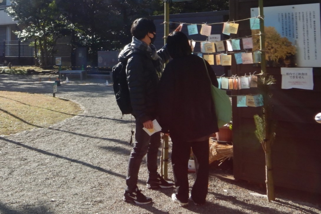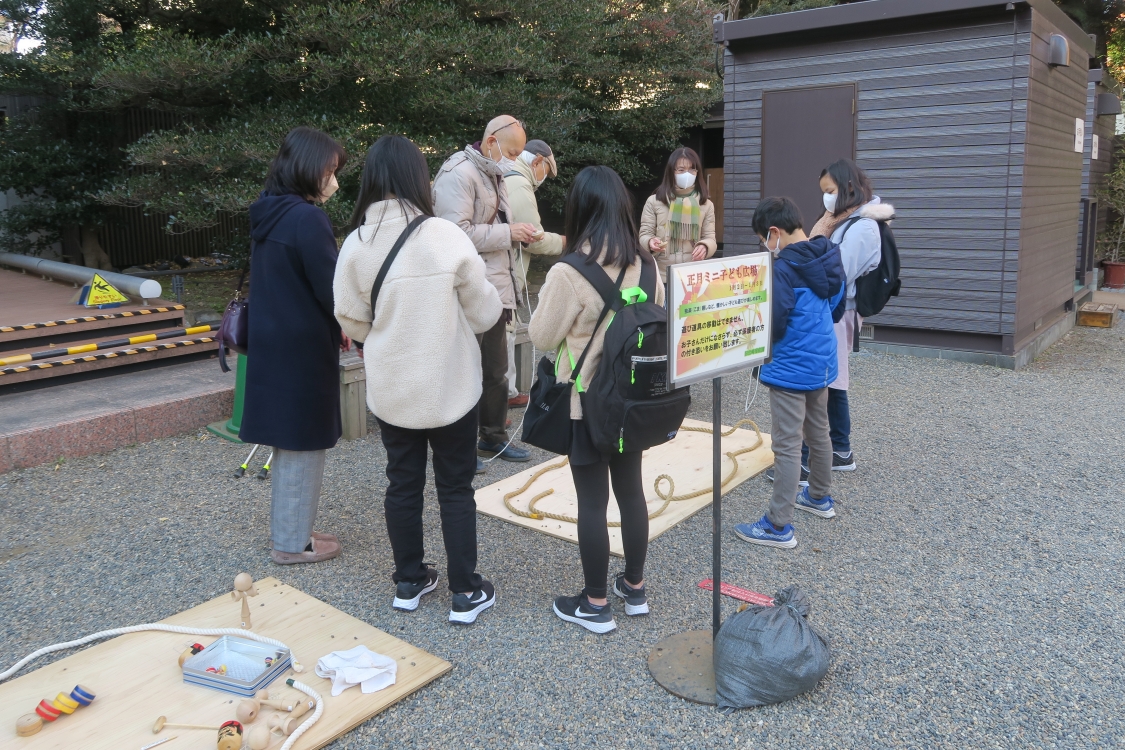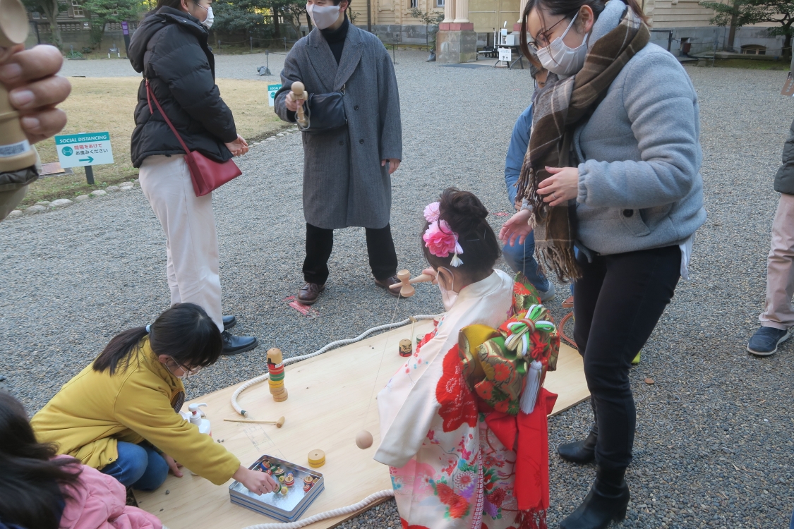 また、庭園窓口横エリアでは、旧岩崎邸オリジナルのウィッシングカードに新年の抱負や夢、願いごとなどを書いて、ブースに掛けることができるスペースを用意。和館では、抹茶と上生菓子のセット(850円)の提供も。洋館車廻し周辺では、独楽まわしや輪投げなど昔ながらの子どもの遊びを楽しめます。
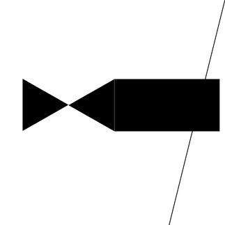 2. An equilateral triangle is centred on the middle of the line with sides measuring half the length of the line pointing downwards.
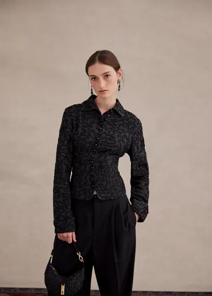 - Spread collar. Buttoned placket with faceted black buttons.
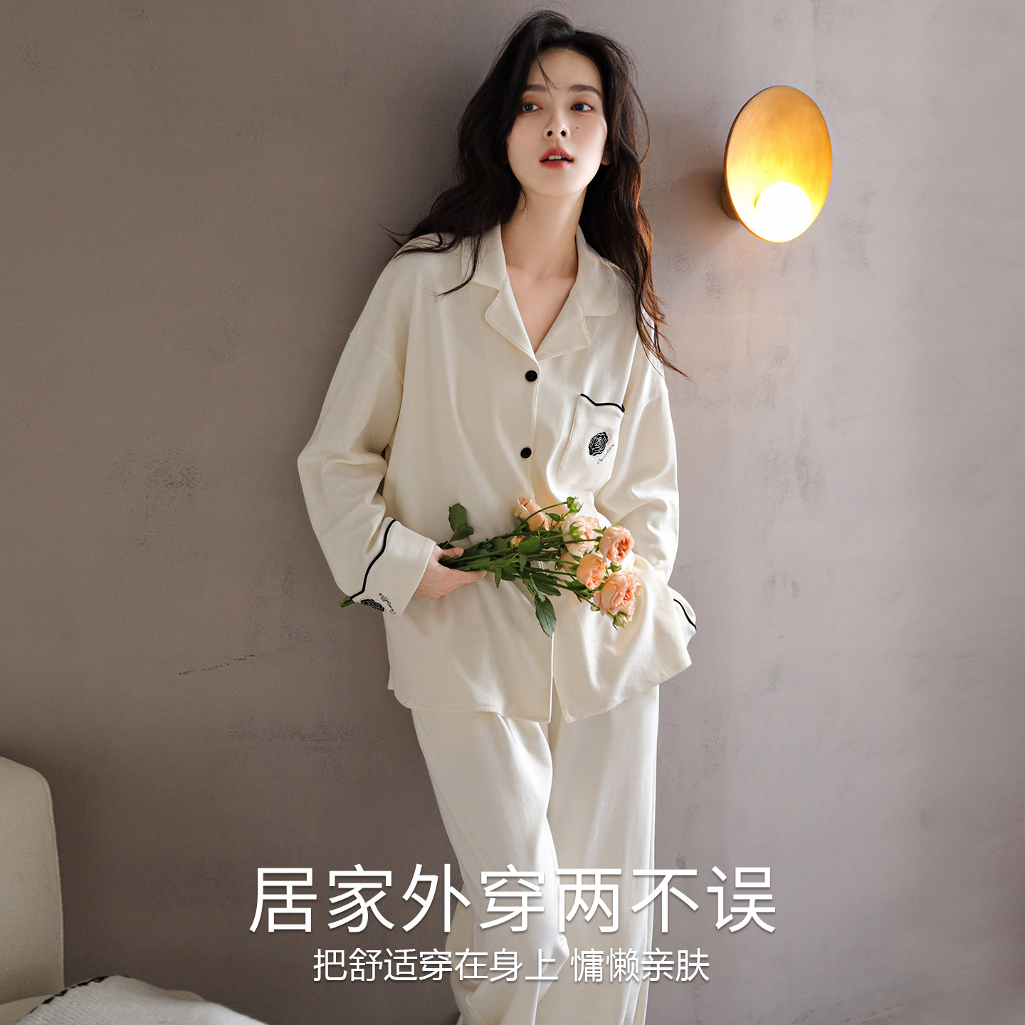 浪莎睡衣女春秋款 2026新款 带胸垫可外穿高级感家居服套装 纯棉长袖
☆ ☆ ☆
EXERCISE GOAL:
Skip the pictures, please, and transcribe only the lines from the beginning of the material through the one that contains "- Spread collar.".

TASK RESPONSE:
 また、庭園窓口横エリアでは、旧岩崎邸オリジナルのウィッシングカードに新年の抱負や夢、願いごとなどを書いて、ブースに掛けることができるスペースを用意。和館では、抹茶と上生菓子のセット(850円)の提供も。洋館車廻し周辺では、独楽まわしや輪投げなど昔ながらの子どもの遊びを楽しめます。
 2. An equilateral triangle is centred on the middle of the line with sides measuring half the length of the line pointing downwards.
 - Spread collar. Buttoned placket with faceted black buttons.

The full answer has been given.